DATA IN THIS EXERCISE:
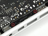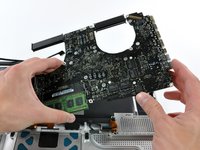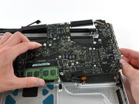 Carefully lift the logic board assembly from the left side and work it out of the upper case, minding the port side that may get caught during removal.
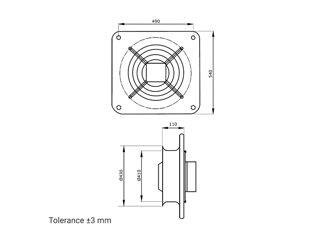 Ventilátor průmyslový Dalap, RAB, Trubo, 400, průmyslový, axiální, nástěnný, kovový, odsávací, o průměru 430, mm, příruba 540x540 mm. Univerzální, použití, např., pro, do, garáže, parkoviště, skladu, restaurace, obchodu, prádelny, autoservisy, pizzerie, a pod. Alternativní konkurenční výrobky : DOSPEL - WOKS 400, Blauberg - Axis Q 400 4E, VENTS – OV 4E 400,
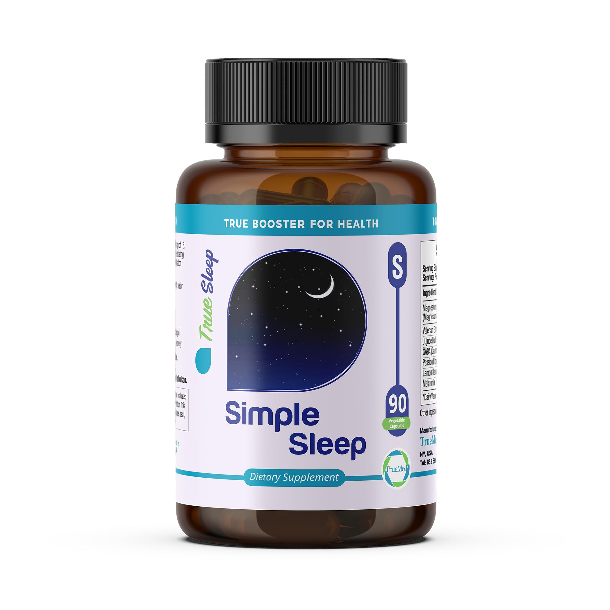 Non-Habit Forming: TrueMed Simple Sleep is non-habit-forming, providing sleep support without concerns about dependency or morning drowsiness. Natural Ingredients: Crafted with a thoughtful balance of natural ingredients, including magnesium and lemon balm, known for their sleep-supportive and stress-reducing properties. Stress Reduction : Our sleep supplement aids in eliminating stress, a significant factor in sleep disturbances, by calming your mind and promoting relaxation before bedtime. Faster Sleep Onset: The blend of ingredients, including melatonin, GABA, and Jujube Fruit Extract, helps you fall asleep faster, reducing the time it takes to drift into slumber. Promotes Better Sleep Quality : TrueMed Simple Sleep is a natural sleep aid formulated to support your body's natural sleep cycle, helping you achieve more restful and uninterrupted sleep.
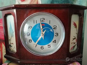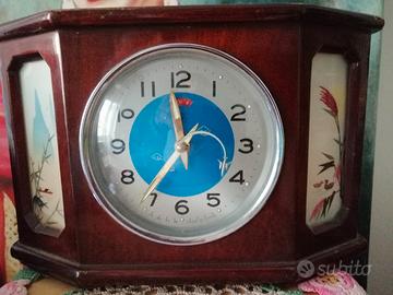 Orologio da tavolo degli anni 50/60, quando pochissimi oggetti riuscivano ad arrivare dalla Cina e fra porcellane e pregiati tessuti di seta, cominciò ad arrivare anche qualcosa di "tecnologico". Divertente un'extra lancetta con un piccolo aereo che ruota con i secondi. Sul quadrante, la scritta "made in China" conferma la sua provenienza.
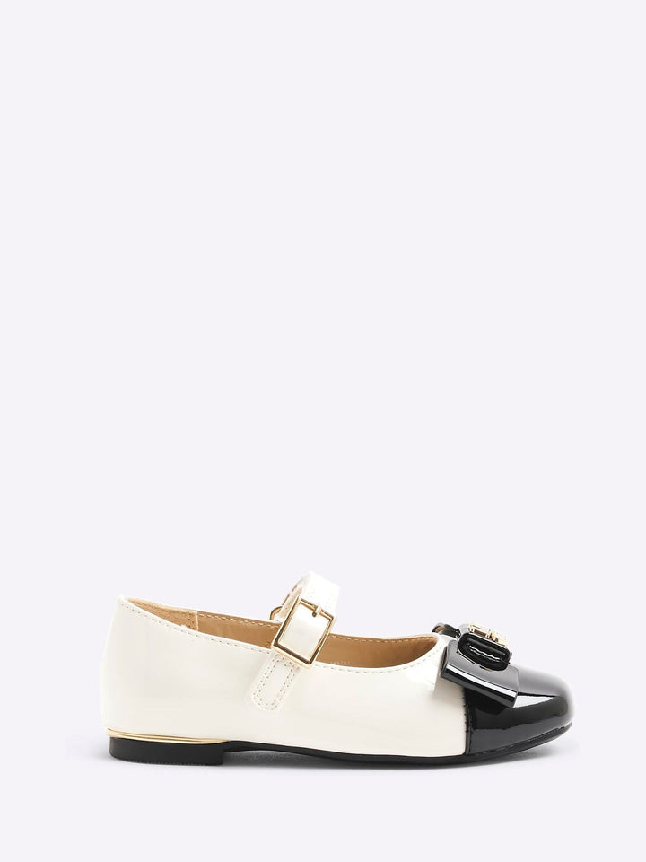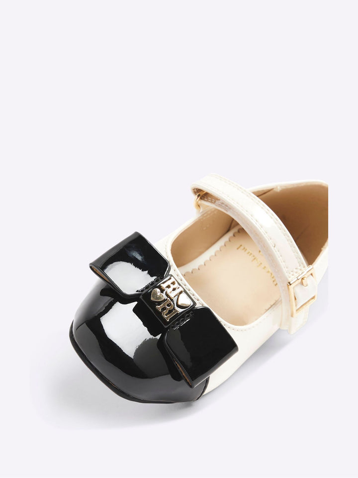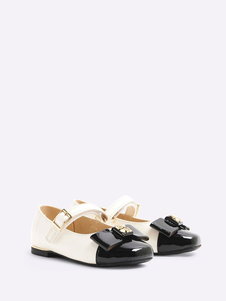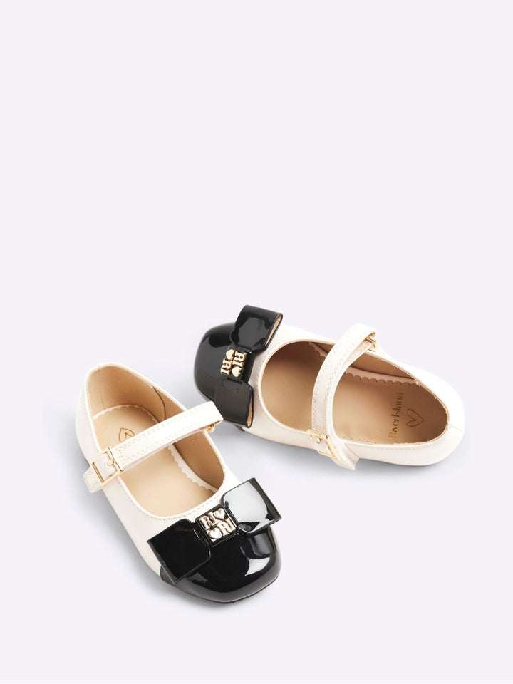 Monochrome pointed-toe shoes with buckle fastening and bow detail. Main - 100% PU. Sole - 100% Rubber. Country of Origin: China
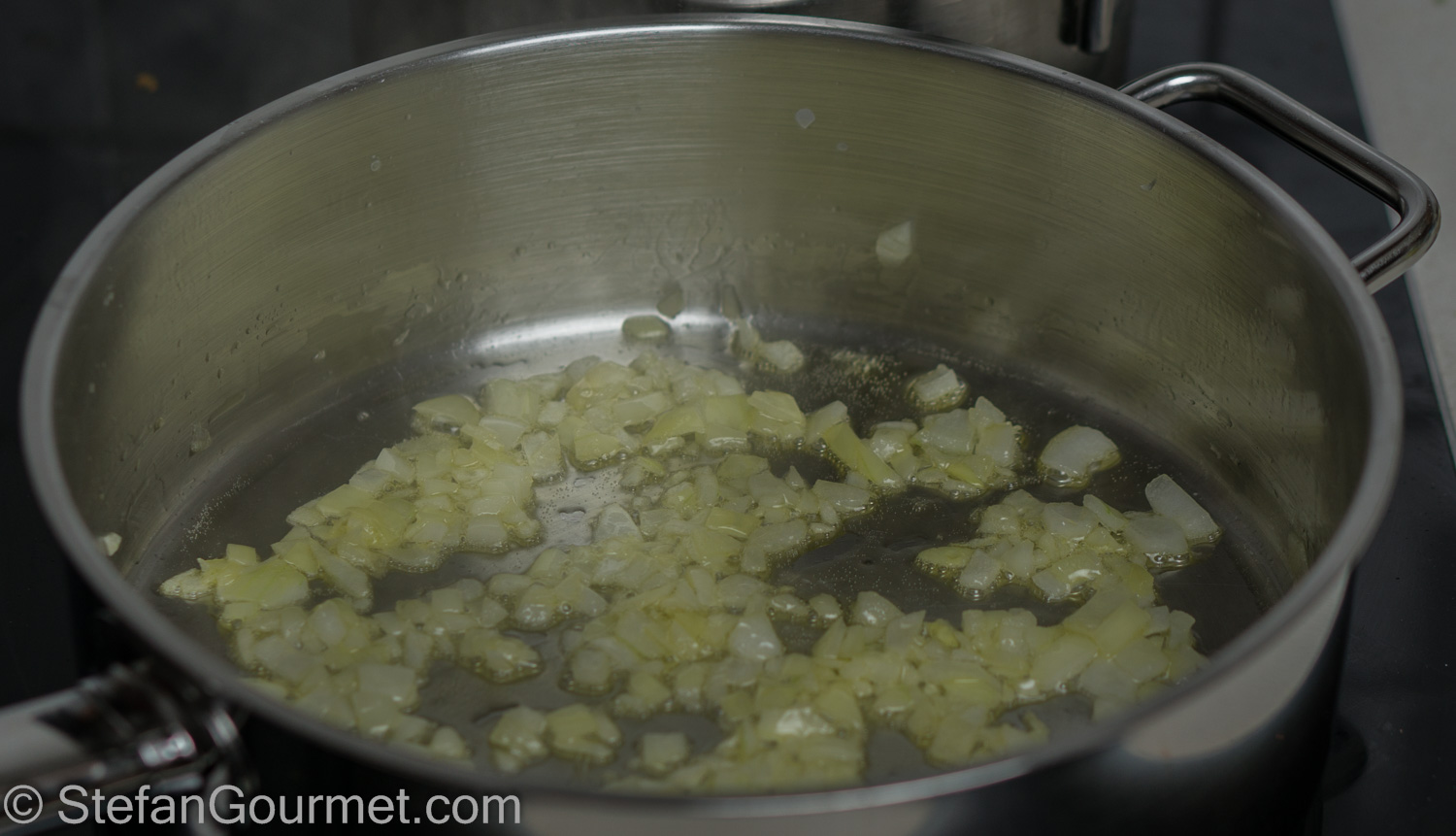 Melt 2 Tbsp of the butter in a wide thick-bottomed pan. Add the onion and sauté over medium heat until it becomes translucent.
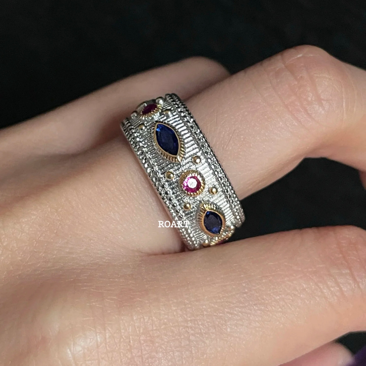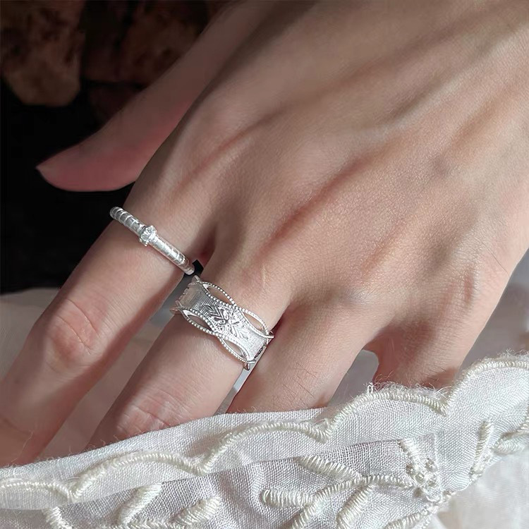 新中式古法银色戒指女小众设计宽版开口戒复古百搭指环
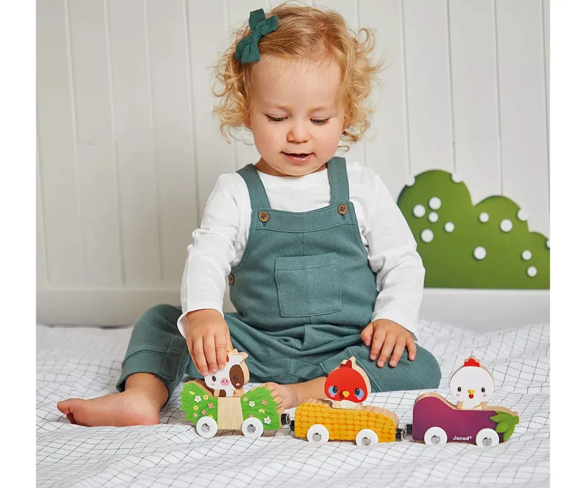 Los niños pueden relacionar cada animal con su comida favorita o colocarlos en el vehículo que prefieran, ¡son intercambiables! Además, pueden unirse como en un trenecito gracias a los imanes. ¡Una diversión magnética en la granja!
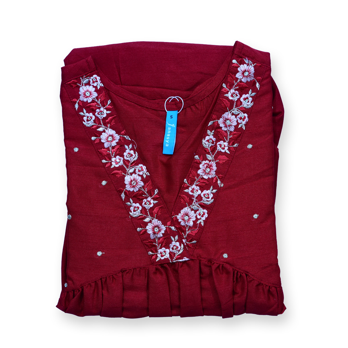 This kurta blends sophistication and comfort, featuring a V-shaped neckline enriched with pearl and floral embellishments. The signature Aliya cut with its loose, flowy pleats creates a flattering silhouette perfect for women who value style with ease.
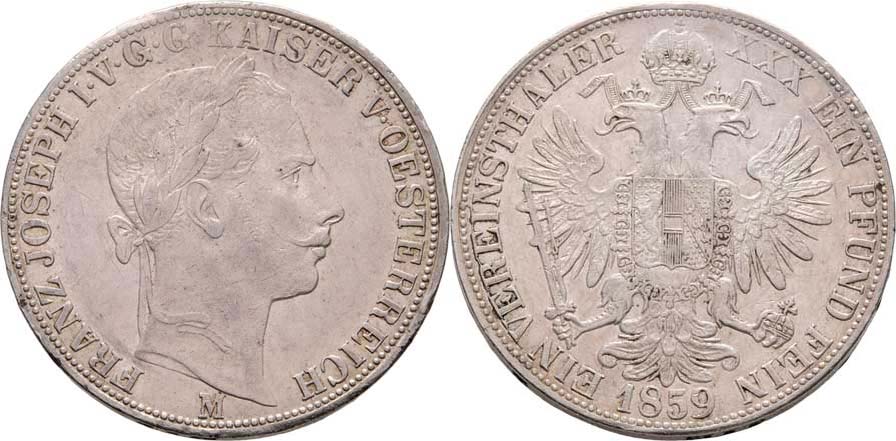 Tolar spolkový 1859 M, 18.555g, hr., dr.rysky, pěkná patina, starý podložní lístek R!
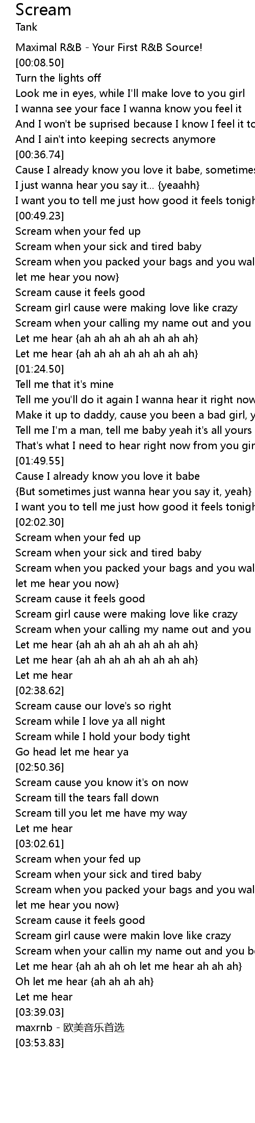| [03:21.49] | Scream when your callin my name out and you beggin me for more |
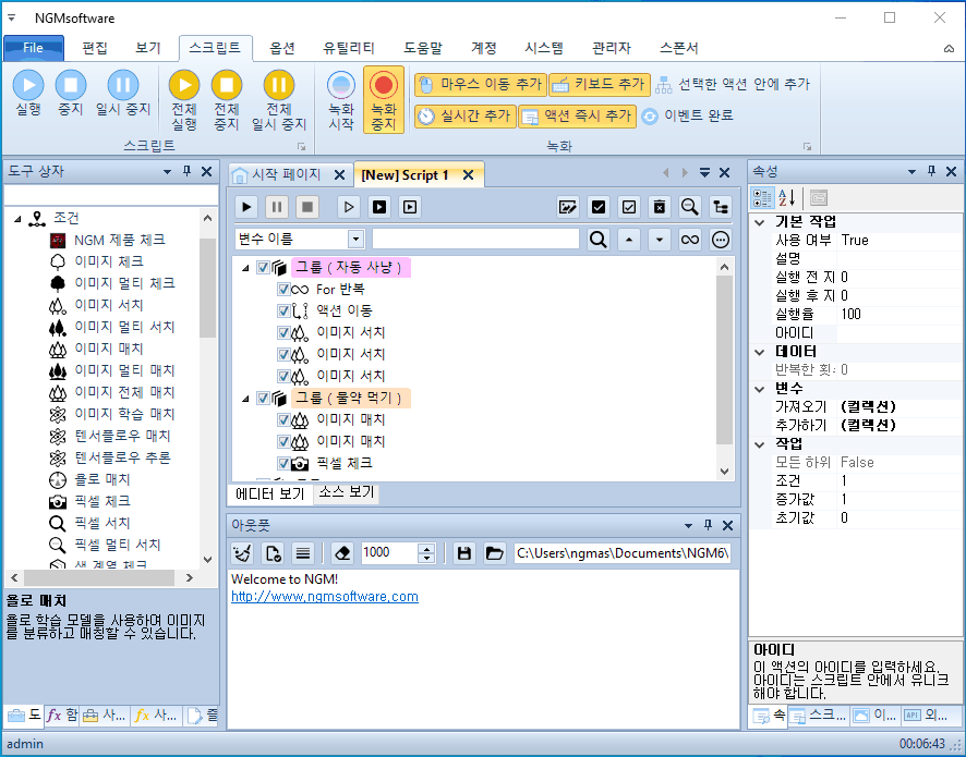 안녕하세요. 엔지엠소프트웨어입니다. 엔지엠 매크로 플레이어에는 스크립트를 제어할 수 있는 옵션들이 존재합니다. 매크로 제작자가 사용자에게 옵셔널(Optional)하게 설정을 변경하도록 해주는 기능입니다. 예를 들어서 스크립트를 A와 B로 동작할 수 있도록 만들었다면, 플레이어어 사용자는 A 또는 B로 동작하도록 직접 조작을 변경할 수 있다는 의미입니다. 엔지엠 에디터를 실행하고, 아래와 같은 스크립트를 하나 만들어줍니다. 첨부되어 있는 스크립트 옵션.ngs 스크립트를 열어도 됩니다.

WORK INSTRUCTION:
Quote exactly, and only, the lines from the one containing "me for more |" through the last line of the records above, both included; leave out any pictures.

COMPLETED EXERCISE:
| [03:21.49] | Scream when your callin my name out and you beggin me for more |
 안녕하세요. 엔지엠소프트웨어입니다. 엔지엠 매크로 플레이어에는 스크립트를 제어할 수 있는 옵션들이 존재합니다. 매크로 제작자가 사용자에게 옵셔널(Optional)하게 설정을 변경하도록 해주는 기능입니다. 예를 들어서 스크립트를 A와 B로 동작할 수 있도록 만들었다면, 플레이어어 사용자는 A 또는 B로 동작하도록 직접 조작을 변경할 수 있다는 의미입니다. 엔지엠 에디터를 실행하고, 아래와 같은 스크립트를 하나 만들어줍니다. 첨부되어 있는 스크립트 옵션.ngs 스크립트를 열어도 됩니다.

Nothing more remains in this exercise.